Son reportage pour TF1 sur la prostitution de mineurs ne lui a pas valu que des amis au Cambodge. Pour se venger, ils ont monté de toutes pièces un dossier l’accusant de pédophilie. Et Interpol l’a fait arrêter lors de ses vacances à Cuba… où il échappe de peu à une extradition. Entretien.
Comment avez-vous appris que vous étiez recherché par Interpol ?

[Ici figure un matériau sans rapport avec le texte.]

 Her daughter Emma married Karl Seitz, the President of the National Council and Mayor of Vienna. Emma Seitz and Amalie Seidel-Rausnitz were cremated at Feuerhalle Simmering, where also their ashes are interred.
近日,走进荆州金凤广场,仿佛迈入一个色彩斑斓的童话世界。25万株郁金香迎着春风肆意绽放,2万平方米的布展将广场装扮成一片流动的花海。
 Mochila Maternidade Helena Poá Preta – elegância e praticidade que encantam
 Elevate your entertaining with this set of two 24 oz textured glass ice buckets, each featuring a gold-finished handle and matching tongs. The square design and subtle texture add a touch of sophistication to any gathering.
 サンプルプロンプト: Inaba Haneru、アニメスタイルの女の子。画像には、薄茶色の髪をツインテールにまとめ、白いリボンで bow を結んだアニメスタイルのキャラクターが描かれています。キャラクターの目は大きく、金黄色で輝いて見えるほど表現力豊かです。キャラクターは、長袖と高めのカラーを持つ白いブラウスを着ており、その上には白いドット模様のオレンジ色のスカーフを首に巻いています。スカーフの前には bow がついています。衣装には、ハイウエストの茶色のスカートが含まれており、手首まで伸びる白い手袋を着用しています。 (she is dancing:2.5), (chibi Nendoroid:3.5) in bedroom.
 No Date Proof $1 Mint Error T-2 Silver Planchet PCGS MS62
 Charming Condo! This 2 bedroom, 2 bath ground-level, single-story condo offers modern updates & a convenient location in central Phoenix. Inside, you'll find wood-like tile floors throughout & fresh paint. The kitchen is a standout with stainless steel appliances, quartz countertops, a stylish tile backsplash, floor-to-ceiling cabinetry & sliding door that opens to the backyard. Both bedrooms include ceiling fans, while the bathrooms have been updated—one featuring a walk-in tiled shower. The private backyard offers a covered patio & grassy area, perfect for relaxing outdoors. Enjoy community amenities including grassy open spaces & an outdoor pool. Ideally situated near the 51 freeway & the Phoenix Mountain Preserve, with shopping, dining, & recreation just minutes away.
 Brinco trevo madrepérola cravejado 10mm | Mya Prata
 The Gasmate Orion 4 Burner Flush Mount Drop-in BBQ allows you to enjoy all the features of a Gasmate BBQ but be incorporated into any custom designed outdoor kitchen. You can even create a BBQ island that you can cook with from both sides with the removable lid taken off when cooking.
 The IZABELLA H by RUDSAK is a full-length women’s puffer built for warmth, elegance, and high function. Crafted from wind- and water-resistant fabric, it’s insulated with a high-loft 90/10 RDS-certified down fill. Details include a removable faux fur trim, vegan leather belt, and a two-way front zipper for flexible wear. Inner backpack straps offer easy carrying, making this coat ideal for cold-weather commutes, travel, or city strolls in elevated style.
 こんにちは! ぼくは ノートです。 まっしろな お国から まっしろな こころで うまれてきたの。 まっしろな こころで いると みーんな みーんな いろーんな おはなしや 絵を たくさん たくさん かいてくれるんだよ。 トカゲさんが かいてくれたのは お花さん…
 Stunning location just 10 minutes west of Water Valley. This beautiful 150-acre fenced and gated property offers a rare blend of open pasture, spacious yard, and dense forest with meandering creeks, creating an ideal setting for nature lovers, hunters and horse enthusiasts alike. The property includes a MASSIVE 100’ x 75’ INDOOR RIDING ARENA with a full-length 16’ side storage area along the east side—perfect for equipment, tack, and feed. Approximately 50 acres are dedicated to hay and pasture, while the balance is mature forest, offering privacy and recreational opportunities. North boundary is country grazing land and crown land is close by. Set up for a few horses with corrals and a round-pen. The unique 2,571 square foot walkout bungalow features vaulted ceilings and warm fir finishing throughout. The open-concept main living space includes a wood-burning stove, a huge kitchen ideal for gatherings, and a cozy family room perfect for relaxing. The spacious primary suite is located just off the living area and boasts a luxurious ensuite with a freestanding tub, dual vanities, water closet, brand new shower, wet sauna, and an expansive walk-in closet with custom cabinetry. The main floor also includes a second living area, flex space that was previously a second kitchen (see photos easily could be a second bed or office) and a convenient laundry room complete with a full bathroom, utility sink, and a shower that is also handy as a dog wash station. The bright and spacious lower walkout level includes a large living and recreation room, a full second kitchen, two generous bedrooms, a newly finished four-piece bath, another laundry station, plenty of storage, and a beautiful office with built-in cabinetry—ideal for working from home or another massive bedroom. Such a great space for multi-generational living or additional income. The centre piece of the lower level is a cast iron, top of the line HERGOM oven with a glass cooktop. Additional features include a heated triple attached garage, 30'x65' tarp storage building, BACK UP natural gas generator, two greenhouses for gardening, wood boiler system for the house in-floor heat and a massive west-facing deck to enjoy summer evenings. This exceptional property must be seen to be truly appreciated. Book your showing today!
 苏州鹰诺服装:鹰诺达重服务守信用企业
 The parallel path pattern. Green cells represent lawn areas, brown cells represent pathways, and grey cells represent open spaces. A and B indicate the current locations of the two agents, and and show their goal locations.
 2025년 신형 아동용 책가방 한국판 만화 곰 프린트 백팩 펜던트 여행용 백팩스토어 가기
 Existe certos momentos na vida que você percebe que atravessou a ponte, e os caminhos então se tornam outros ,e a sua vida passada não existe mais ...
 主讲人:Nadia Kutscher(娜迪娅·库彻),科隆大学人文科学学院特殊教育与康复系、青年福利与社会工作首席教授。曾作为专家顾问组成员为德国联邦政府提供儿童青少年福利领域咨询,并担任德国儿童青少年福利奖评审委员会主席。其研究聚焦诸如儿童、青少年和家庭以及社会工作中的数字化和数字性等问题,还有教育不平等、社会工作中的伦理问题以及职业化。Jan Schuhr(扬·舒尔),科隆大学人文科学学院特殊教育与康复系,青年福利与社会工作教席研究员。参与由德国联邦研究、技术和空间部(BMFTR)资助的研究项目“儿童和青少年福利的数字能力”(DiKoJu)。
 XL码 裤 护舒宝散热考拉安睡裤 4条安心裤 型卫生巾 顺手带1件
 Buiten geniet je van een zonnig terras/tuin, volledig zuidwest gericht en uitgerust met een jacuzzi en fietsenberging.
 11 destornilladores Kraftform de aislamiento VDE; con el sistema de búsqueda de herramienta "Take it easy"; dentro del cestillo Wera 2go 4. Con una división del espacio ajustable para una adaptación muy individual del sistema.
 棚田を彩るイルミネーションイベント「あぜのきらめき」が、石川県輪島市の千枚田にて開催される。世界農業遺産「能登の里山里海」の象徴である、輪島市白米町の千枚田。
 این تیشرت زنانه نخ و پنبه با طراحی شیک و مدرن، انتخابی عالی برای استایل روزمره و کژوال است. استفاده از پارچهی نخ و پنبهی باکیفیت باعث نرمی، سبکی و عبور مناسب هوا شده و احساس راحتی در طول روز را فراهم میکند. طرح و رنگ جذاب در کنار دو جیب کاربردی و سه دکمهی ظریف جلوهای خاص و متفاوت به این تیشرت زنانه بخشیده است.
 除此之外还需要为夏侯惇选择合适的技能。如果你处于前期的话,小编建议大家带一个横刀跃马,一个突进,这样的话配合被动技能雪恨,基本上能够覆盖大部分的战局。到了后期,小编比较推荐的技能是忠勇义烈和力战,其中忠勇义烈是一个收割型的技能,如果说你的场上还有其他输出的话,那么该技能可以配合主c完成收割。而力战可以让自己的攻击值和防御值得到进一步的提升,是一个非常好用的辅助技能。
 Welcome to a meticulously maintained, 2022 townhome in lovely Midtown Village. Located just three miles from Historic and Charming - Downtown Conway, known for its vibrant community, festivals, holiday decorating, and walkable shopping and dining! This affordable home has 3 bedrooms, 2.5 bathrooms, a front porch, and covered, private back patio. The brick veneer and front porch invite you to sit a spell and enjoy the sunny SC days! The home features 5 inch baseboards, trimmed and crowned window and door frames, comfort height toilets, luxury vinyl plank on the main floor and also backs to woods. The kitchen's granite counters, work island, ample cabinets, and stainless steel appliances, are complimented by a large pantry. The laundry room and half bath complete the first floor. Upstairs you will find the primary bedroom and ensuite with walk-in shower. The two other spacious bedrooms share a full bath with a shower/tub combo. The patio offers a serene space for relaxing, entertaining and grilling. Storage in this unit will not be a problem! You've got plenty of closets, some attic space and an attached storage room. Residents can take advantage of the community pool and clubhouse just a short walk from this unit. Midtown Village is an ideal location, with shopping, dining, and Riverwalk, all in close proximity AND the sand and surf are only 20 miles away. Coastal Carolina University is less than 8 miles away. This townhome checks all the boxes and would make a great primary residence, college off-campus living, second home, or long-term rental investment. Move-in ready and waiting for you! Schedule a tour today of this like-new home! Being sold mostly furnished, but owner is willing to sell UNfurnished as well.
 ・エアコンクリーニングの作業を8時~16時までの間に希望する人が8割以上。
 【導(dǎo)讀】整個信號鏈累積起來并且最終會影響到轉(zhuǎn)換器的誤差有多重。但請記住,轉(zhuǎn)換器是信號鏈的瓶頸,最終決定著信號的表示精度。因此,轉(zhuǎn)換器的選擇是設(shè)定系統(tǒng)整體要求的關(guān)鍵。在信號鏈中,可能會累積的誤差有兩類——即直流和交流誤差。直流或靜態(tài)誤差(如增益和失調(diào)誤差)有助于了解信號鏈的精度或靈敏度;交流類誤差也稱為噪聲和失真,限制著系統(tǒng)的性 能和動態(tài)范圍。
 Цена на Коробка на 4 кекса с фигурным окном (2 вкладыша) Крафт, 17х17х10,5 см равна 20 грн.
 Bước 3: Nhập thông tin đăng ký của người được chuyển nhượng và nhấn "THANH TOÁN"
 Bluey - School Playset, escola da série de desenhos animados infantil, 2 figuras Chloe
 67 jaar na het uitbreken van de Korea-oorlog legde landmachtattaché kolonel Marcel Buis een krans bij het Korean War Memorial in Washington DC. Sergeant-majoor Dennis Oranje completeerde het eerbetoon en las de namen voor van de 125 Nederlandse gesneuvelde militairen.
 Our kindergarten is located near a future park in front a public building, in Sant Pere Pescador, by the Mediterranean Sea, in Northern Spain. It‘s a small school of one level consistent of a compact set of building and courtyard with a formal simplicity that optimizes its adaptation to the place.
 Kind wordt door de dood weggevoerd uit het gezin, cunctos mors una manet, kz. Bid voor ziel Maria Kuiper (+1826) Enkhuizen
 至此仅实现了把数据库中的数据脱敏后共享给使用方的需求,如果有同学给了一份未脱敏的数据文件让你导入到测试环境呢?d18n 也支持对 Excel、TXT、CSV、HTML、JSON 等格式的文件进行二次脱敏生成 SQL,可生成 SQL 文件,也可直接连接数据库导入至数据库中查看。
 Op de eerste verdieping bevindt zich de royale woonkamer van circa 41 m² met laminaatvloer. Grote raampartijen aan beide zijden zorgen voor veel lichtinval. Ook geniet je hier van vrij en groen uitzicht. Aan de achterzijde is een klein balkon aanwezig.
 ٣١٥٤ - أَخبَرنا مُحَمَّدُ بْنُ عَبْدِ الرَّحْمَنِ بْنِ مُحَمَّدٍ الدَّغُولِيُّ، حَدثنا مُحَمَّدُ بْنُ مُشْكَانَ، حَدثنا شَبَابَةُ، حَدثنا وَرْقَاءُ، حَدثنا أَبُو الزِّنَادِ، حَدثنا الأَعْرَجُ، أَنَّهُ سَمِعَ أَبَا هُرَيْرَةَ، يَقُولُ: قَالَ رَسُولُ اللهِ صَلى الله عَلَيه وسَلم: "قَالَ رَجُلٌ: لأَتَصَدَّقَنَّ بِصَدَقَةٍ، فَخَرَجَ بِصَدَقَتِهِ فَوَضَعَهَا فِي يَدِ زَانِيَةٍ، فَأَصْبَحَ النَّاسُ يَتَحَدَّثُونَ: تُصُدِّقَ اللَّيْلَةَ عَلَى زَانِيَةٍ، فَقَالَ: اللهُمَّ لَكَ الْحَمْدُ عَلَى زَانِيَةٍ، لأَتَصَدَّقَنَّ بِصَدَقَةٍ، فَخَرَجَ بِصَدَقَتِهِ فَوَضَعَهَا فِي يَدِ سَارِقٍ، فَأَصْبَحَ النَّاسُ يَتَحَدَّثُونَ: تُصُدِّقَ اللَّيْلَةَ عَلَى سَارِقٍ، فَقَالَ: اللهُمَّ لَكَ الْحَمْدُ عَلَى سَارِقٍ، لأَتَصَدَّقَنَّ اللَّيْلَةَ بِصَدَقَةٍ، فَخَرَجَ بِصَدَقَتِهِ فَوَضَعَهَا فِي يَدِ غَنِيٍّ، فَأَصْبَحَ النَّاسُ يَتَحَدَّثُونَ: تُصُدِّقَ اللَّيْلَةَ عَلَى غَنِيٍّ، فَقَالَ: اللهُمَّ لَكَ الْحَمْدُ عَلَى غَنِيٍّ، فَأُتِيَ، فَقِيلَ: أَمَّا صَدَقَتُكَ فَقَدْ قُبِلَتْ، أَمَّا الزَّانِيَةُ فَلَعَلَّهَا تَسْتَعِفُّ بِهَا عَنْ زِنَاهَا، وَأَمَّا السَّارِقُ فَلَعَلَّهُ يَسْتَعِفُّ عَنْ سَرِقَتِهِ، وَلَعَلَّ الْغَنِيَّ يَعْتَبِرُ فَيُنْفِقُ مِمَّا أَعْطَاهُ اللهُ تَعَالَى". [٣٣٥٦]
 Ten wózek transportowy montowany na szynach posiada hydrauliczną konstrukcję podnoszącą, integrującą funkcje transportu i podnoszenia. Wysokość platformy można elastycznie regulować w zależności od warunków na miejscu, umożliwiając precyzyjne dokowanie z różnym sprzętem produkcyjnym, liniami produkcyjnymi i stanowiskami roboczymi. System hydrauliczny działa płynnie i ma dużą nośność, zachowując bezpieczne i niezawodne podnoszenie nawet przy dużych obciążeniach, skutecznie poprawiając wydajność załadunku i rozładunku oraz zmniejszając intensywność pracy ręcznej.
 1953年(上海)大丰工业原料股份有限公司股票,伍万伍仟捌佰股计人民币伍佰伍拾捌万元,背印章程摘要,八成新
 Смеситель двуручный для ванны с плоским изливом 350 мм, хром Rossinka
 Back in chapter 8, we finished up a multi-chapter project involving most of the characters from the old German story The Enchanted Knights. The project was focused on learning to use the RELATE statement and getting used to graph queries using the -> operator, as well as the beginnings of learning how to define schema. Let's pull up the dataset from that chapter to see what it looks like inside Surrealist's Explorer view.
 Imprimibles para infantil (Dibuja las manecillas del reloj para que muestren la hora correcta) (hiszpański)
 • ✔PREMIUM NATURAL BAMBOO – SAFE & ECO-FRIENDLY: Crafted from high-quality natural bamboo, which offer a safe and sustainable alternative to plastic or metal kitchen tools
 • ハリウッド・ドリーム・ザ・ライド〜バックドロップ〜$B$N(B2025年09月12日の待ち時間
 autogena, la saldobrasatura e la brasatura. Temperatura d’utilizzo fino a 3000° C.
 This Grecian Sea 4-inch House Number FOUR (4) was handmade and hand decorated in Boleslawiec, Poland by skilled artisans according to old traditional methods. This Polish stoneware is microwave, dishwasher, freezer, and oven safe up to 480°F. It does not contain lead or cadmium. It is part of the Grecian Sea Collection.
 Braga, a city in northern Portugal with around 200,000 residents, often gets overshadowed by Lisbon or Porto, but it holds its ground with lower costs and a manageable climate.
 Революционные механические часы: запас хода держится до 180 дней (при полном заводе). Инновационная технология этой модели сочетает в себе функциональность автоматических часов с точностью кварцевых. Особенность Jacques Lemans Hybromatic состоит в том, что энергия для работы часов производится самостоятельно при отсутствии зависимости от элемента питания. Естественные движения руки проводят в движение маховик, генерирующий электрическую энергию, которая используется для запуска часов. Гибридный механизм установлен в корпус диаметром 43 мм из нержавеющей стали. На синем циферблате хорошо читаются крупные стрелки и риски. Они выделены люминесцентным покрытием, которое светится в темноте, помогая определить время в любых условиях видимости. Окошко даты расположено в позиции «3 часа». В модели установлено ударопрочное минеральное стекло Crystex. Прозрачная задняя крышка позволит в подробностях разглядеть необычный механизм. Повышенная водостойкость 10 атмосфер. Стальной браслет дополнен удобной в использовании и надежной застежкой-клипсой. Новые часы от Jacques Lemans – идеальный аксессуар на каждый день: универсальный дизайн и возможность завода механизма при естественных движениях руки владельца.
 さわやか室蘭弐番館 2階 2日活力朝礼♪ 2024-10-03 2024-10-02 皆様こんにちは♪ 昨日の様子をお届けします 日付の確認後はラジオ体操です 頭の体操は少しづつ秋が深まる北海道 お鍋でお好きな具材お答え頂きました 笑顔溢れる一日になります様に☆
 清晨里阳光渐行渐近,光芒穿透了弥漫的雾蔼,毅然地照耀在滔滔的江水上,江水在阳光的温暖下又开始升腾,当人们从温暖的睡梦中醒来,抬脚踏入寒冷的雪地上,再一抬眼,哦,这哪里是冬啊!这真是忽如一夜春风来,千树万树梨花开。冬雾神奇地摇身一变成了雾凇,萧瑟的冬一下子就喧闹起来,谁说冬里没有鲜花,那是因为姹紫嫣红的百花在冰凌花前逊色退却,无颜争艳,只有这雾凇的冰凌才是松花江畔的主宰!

J’étais en vacances à Cuba en 2008, quand un matin j’ai été arrêté par la police de l’immigration et traité comme un gros voyou. C’était terrifiant, ils m’ont foutu en taule avec mépris. Quand je demandais ce que j’avais fait, ils me répondaient : “Vous le savez aussi bien que nous.” Pendant toute la journée, je réfléchissais sans trouver ce que l’on pouvait me reprocher. Vers 17 heures, des gens sont venus : “On est Interpol, vous faites l’objet d’une notice rouge.” Je ne savais même pas ce que ça voulait dire. “Vous êtes suspecté d’abus sexuels sur mineurs au Cambodge.” C’est pour ça qu’ils m’avaient si mal traité, ils pensaient que j’étais un pédophile qui sévissait sur leurs plages. Ma chance, c’est que la police cubaine est très efficace, elle a des informateurs partout. C’était le lundi, ils ont mis une semaine à vérifier qu’il n’y avait rien de ce genre à me reprocher à Cuba. Et le samedi ils m’ont expulsé vers la France. Au final, je crois que j’ai été le cas le plus rapidement sorti de la liste rouge par Interpol, mais ça a quand même pris cinq mois.
Mais que vous reprochait le Cambodge ?
C’est parti d’un reportage que j’ai fait pour le 20 heures de TF1 en 2003, sur le tourisme sexuel et le trafic des vierges : des filles de 15-16 ans “dépucelées” par des Chinois qui payent 1 000-1 500 dollars, parce qu’ils pensent que ça les immunise contre le sida. J’avais aussi filmé un Français qui faisait partie de ce qu’ils appellent les “résidents sexuels”, des étrangers qui vivent là parce qu’on peut avoir des prostituées pour deux ou trois euros. Je l’avais bien flouté mais ses parents l’ont reconnu à sa démarche et lui ont coupé les vivres… C’était un paumé, indicateur pour la police. Il est allé voir un général pour se venger en lui disant qu’ils allaient m’extorquer une rançon. J’ai alors été convoqué au ministère de l’Intérieur, où l’on m’a demandé 120 000 dollars pour avoir porté atteinte à l’image du pays. J’ai pu partir en signant un papier en disant que j’allais voir si TF1 était prêt à payer. J’ai été arrêté quand je suis revenu en 2006 ; l’ambassade a réussi à m’éviter la prison et j’ai pu partir clandestinement via la Thaïlande. Entretemps, ils avaient monté tout un dossier en payant des prostituées… Et le juge a émis une notice rouge.
Vous avez au final été relaxé…
Il y a d’abord eu deux condamnations. Et c’est Jean-Marc Ayrault qui a plaidé ma cause lors d’un voyage officiel. Il a finalement obtenu un nouveau procès et j’ai été acquitté. J’ai eu de la chance d’être arrêté à Cuba au final. Ce qui les a rebutés pour m’extrader directement vers le Cambodge, c’est que pour eux c’est loin et cher. Je ne savais pas du tout que j’étais recherché, sinon je n’aurais pas voyagé. Heureusement que je ne suis pas allé en Afrique ou en Asie… Si j’avais été au Laos, ils m’auraient envoyé au Cambodge, et là ça aurait pris des années pour que la France me libère des griffes de la justice cambodgienne. C’est quand même un fonctionnement super bizarre. Il suffit qu’un juge de province émette une notice rouge, ça part directement dans les tuyaux, et même si vous êtes au fin fond de l’Inde, vous êtes arrêté. Pourtant, à Interpol, ils savent très bien que beaucoup de pays corrompus se servent des notices rouges contre leurs dissidents en les faisant passer pour des droit commun.